Author: Singh, Nitesh Kumar; Srivastava, Surabhi; Zaveri, Lamuk; Bingi, Thrilok Chander; Mesipogu, Rajarao; Kumar, Santosh; Gaur, Namami; Hajirnis, Nikhil; Maccha, Pratheusa; Shambhavi, Sakshi; Khan, Shagufta; Soujanya, Mamilla; Nagabandi, Tulasi; Mishra, Rakesh K.; Tallapaka, Karthik Bharadwaj; Sowpati, Divya Tej
Title: Host transcriptional response to SARS-CoV-2 infection in COVID-19 patients Cord-id: 13cfzymp Document date: 2021_5_13
ID: 13cfzymp
Snippet: Background One of the most perplexing aspects of infection with the SARS-CoV-2 virus has been the variable response elicited in its human hosts. Investigating the transcriptional changes in individuals affected by COVID-19 can help understand and predict the degree of illness and guide clinical outcomes in diverse backgrounds. Methods Analysis of host transcriptome variations via RNA sequencing from naso/oropharyngeal swabs of COVID-19 patients. Results We report strong upregulation of the innat
Document: Background One of the most perplexing aspects of infection with the SARS-CoV-2 virus has been the variable response elicited in its human hosts. Investigating the transcriptional changes in individuals affected by COVID-19 can help understand and predict the degree of illness and guide clinical outcomes in diverse backgrounds. Methods Analysis of host transcriptome variations via RNA sequencing from naso/oropharyngeal swabs of COVID-19 patients. Results We report strong upregulation of the innate immune response, especially type I interferon pathway, upon SARS-CoV-2 infection. Upregulated genes were subjected to a comparative meta-analysis using global datasets to identify a common network of interferon stimulated and viral response genes that mediate the host response and resolution of infection.
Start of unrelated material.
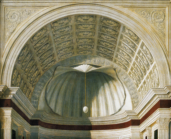 The globe is a miniature, but the size or ostrich eggs were valued as sites of wonder in ecclesiastic settings–ostrich eggs were described as hung in church as mirabilia by Girolamo Cardano, the naturalist Conrad Gesner, and Sebastian Münster, as in this detail from the altarpiece by Piero della Francesca known as the Brera Palla–and were treasured as items gilded in silver, as both natural wonders and curiosities.
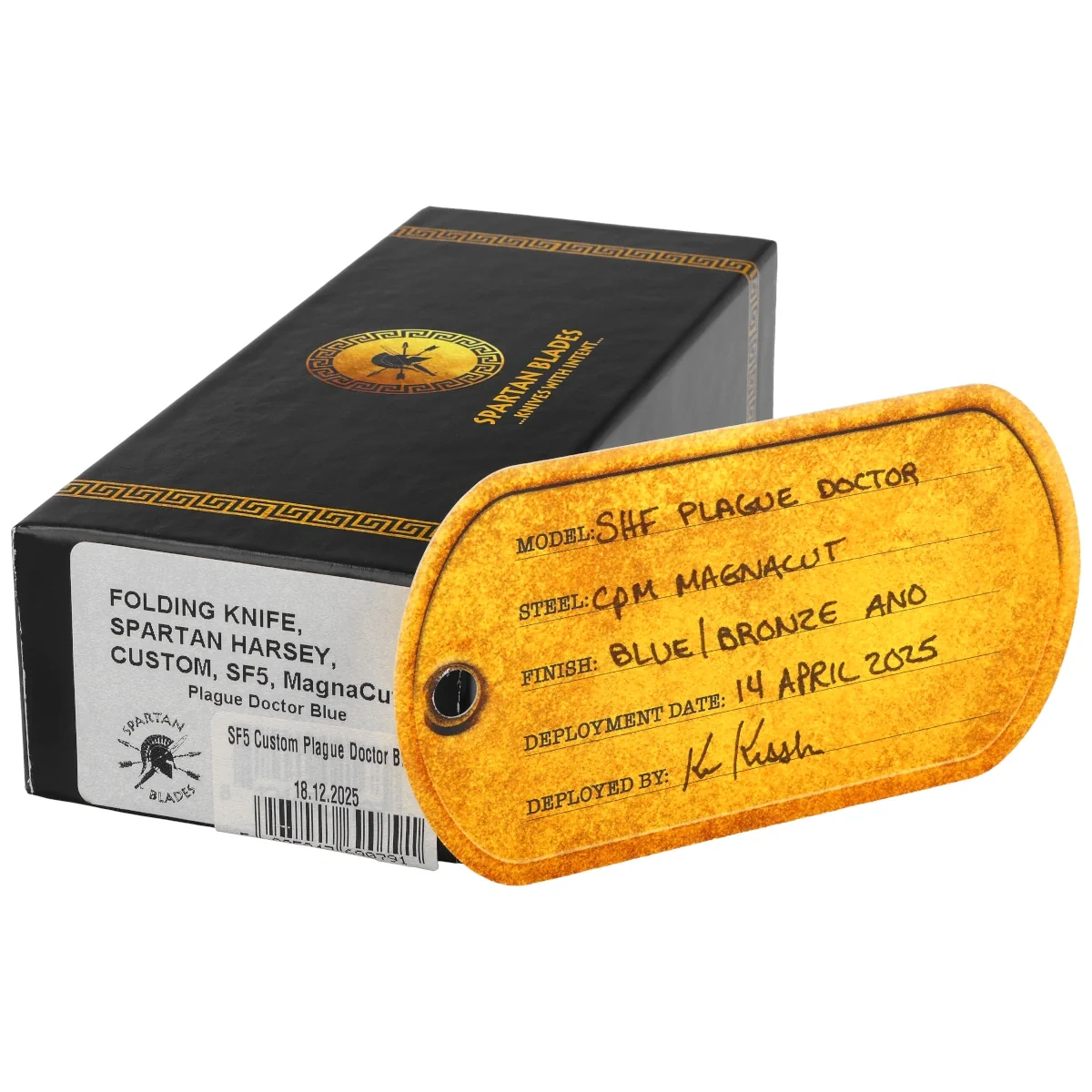Spartan Harsey Folder Special Edition “Plague Doctor” Blue Titanium, Satin. “Spartan Harsey Folder” or“SHF” is considered a masterpiece among tactical knives. Designed by knifemaking legend Bill Harsey , it was produced in a limited edition. Winner of the 2016 American Made Knife of The Year award at the Blade Show in Atlanta.

A large proportion of mis-regulated genes showed a reduction in expression level, suggesting an overall decrease in host mRNA production. Significantly downregulated genes included those encoding olfactory, taste and neuro-sensory receptors. Many pro-inflammatory markers and cytokines were also downregulated or remained unchanged in the COVID-19 patients. Finally, a large number of non-coding RNAs were identified as down-regulated, with a few of the lncRNAs associated with functional roles in directing the response to viral infection. Conclusions SARS-CoV-2 infection results in the robust activation of the body’s innate immunity. Reduction of gene expression is well correlated with the clinical manifestations and symptoms of COVID-19 such as the loss of smell and taste, and myocardial and neurological complications. This study provides a critical dataset of genes that will enhance our understanding of the nature and prognosis of COVID-19.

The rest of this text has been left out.